I have dreams of taking months off at a time to do creative projects, do mission work, try a completely new work endeavor, or take a spiritual retreat/ writing sabbatical. I dream so much, but when it comes to finishing things, I often wander off the course.

What about you?

So here I am again, even if it's just baby steps, writing and offering what I can in the direction I am going now toward an unknown future. Beautiful. Messy. Scary. Exciting.

***

Writing is a lot like love, you learn as you go and it's not without messes along the way. My friend's little boy is going to be two soon and he is learning to say lots of words. I notice him say the word "mess!" a lot. He says this as he fumbles around the living room to put toys away. He has watched my friend well (she is a lot more organized than I am). I don't think he knows yet that this is going to happen again tomorrow and the next day and the next day. This is life: MESSY. 

I know there are many brilliant things to be said about love and love stories. I don't really know how I feel about love stories right now. I keep thinking I don't have a lot to say about love, but the topic comes back to me in the late hours of the evening. Write it down, write it down. That's what I encourage others to do as they are seeking healing, so I attempt to do the same, as I know God has used writing in the past as a healing balm. Also, writing connects us in powerful ways.

I am listening and thinking and reflecting on what God says about love.
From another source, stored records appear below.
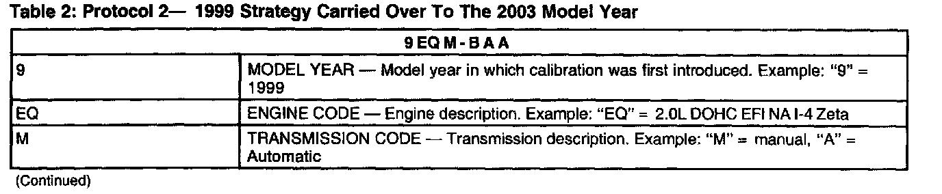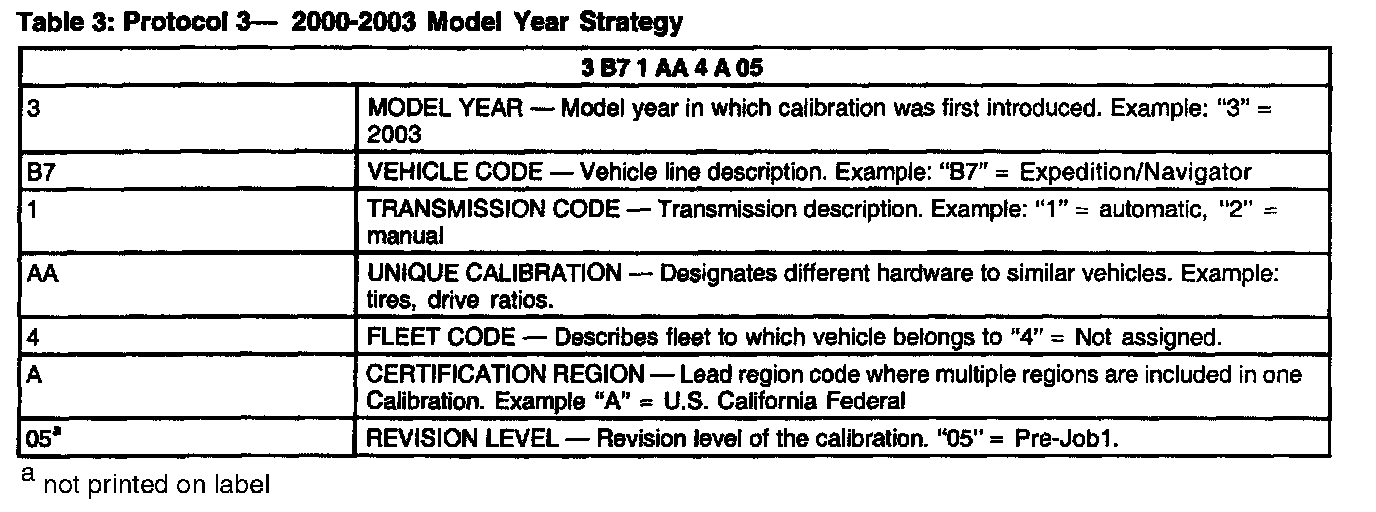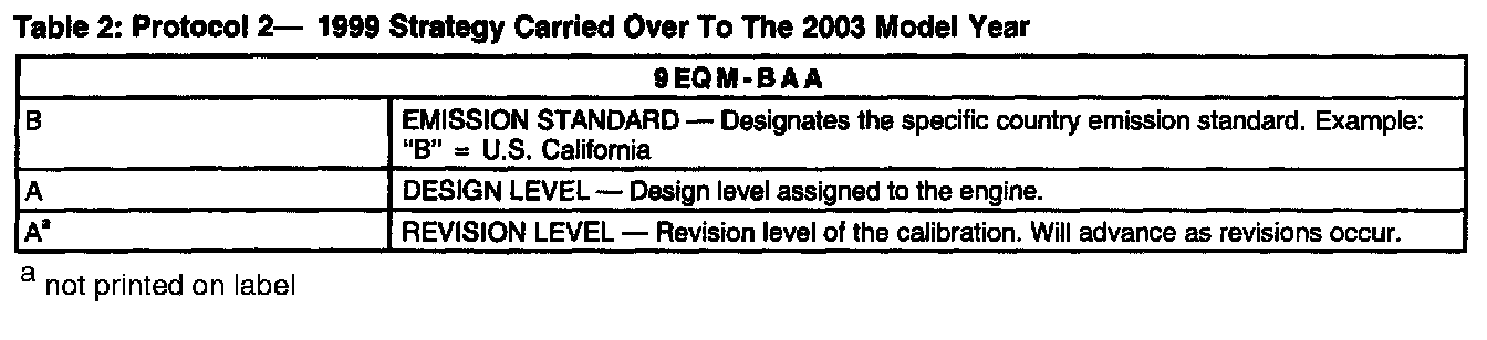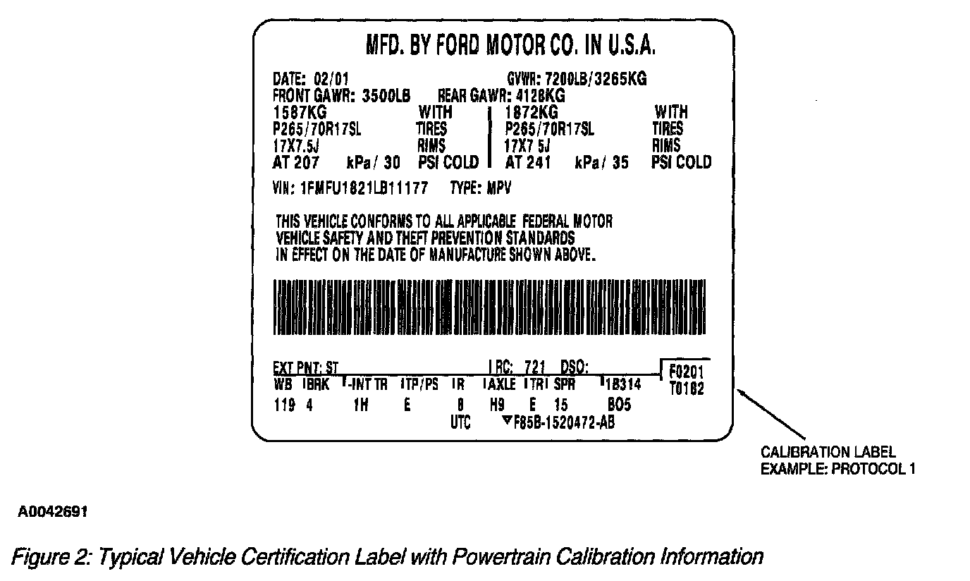 Powertrain Base Calibration Information is located in the lower right corner of the Vehicle Certification Label. Only the Base Calibration will appear on this label (Figure 2). The Revision Level is no longer printed on the label; however, it can be found in On-Line Automotive Service Information System (OASIS). For the current model year Ford Motor Company is using three different Protocols which describe Powertrain Base Calibration. The Protocols are designed to provide worldwide standardization for vehicle calibration. If the Electronic Calibration strategy has been used since 1998 and carried over to the current model year, Protocol 1 is used (see table 1). If the Electronic Calibration strategy has been used since 1999 and carried over to the current model year, Protocol 2 is used (see table 2). For Electronic Calibration strategies introduced in the 2000 or later model years, Protocol 3 is used (see table 3). For more information on Vehicle Certification Label or Powertrain Calibration, refer to the Vehicle Systems.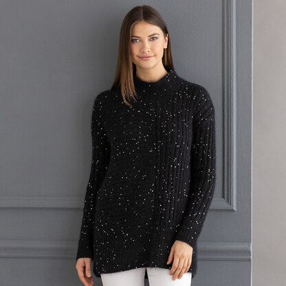 Be a showstopper in the Joanna Pullover. This luxurious design is a drop sleeve pullover with a mock neck and directional stitch detail in the body. The combination of String Blossom and Sesia Bluebell create an unbelievably soft fabric with amazing shimmer. The sweater is knit in pieces and then seamed.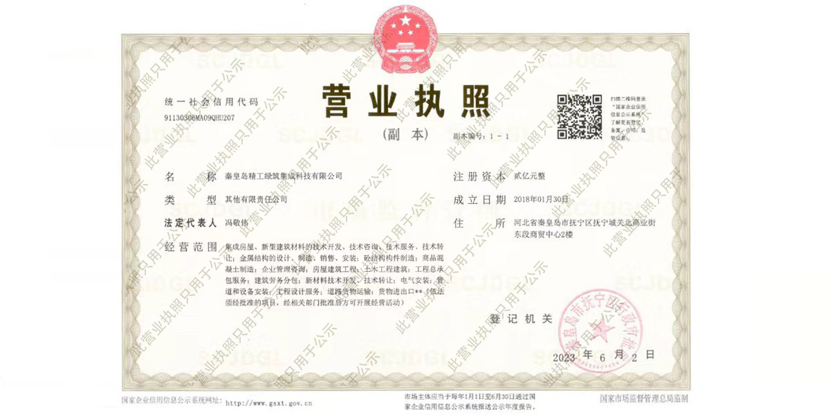 - 領(lǐng)導(dǎo)致辭??朋友們,感謝您對秦皇島精工綠筑科技集成有限公司的關(guān)懷與厚愛。在社會各界的信任與支持下,秦皇島精工綠筑科技集成有限公司于2018年成立。

I STILL sit confused and that's okay.  Because right now I don't get how to embody love like Christ in this messed up world. Then, I ask Him to fill up the spaces of my lack and what to do when it feels like we are just twirling around in circles of our sin, brushing up against each other, still in need of His redemption.  Love can bring out our most messy selves, the ones we have done so well over the years hiding away. We need you, Jesus. Help us in our mess.

In my mind, I know that a story, even one with an ending that is hard, does not equal a fail, but it still feels like there's no easy clean up for a mess of a heart still hurting at times. I settle on realizing the work God has already done. 

Love also consumes more than romantic love, and so I'm thinking about keeping the flow of love going in my life. What's getting me there is staying open. Openness for me currently means being honest with emotions that feel very present and at times too much and I hate being 'too much.'

However, the real truth is the past few months have been weird but also freeing: there are often no words I want to say (strange for me), too many words I want to say, times I feel embarrassed by not being able to 'pull it together,' days where life is moving so fast, days everything is going slow, moments I'm feeling way more like the person I know I've been all along, times I cry in public and I wonder why I am not curled up on the couch not leaving the house until next month.

I like to have words that sound good, I don't like to feel embarrassed, I like to tell the truth but it seems like far too often I don't know if I can really trust you. I like to be understood. I like to keep peace with people.

Change right now is shaking me up because even though we had a talk awhile ago and decided we were going to stop meeting like this at unpredictable times, change isn't listening.

Change keeps nudging me, softly, slowly, then sometimes quickly, to give up my rights to those things I thought I had rights to or in essence, could control. 

Change this time around is also being a bit more friend-like. In essence, as I release more,  I recognize that change is not my total enemy. Not entirely. I don't actually hate change completely. I guess.

Has change ever brought you to a place of letting go?


Colossians 3:3 says "for you died and your life is now hidden with Christ in God."

This verse reminds me about my real life. My life is not hidden in all the things that I like to use to tell myself I am okay when big parts of my life are falling apart, like for real completely unsettled and I don't know what is going to come next, but hidden in Christ. He enables me to keep going and know that I will not crushed by the waves that threaten me. Even if everything may not always FEEL or even BE okay, at the end of the day, God is with me, and my soul will rest in that hope.

By the way, I'm going to be publishing this in October. Happy October, everyone.